#### [Problem statement]
Only one stretch of the data below is wanted: the lines starting at the one with "为引导同学们树立行为规范意识" and ending at the one with "土にみたてた岩塩の上に、プチトマトのさらに赤ちゃんのような小っちゃなトマト。", both included, given again exactly.

#### [Extracted information]
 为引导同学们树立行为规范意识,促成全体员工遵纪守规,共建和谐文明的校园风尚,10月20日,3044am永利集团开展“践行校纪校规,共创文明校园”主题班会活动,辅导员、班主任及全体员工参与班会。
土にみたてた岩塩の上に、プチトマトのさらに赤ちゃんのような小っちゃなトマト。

--

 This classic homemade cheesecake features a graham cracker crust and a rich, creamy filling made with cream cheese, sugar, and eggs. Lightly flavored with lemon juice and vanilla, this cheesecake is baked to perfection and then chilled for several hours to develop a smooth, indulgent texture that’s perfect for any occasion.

--

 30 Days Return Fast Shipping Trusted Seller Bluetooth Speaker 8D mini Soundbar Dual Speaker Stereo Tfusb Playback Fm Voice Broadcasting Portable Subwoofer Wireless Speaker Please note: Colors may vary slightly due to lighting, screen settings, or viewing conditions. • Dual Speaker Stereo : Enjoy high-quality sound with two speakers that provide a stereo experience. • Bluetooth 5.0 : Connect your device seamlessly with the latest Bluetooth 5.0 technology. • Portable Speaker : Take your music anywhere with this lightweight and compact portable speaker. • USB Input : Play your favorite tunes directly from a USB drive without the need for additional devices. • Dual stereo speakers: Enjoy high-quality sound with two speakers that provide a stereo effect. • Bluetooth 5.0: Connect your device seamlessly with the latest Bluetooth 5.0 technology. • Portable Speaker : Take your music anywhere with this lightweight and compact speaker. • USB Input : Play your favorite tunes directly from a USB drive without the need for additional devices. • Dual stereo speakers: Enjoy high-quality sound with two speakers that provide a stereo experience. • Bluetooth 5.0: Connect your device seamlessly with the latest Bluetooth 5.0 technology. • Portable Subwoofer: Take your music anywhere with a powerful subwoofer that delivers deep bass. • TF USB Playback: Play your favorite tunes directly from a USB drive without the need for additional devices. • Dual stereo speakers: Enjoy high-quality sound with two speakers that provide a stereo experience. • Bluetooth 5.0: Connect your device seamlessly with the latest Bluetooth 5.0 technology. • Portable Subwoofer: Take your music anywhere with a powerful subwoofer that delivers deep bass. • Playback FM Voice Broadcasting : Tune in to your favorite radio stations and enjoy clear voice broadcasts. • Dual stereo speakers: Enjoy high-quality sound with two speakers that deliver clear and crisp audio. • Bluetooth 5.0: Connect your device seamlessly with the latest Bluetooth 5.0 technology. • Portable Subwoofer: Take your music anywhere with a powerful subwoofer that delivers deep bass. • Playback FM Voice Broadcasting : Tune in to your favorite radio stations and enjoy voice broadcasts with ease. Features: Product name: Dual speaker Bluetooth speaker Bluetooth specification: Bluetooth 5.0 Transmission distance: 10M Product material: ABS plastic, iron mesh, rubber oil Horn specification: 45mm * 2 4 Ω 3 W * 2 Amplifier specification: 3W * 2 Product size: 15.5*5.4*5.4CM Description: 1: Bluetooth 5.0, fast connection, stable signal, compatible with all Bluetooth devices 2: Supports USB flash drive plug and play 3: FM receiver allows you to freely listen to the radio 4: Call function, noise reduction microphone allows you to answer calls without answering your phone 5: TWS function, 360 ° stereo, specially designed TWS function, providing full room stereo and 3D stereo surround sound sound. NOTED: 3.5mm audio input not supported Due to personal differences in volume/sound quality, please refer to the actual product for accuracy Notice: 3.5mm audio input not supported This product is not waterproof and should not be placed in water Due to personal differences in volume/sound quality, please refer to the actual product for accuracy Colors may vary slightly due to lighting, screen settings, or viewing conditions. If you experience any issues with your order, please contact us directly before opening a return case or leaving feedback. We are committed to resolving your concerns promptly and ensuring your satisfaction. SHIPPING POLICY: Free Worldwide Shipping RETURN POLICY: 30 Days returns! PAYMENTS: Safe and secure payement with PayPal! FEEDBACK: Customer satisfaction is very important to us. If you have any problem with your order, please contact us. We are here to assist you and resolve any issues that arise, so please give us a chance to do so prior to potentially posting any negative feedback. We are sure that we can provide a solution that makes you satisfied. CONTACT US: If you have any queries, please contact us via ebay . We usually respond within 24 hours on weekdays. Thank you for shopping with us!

#### [Solution to the problem]
 为引导同学们树立行为规范意识,促成全体员工遵纪守规,共建和谐文明的校园风尚,10月20日,3044am永利集团开展“践行校纪校规,共创文明校园”主题班会活动,辅导员、班主任及全体员工参与班会。
土にみたてた岩塩の上に、プチトマトのさらに赤ちゃんのような小っちゃなトマト。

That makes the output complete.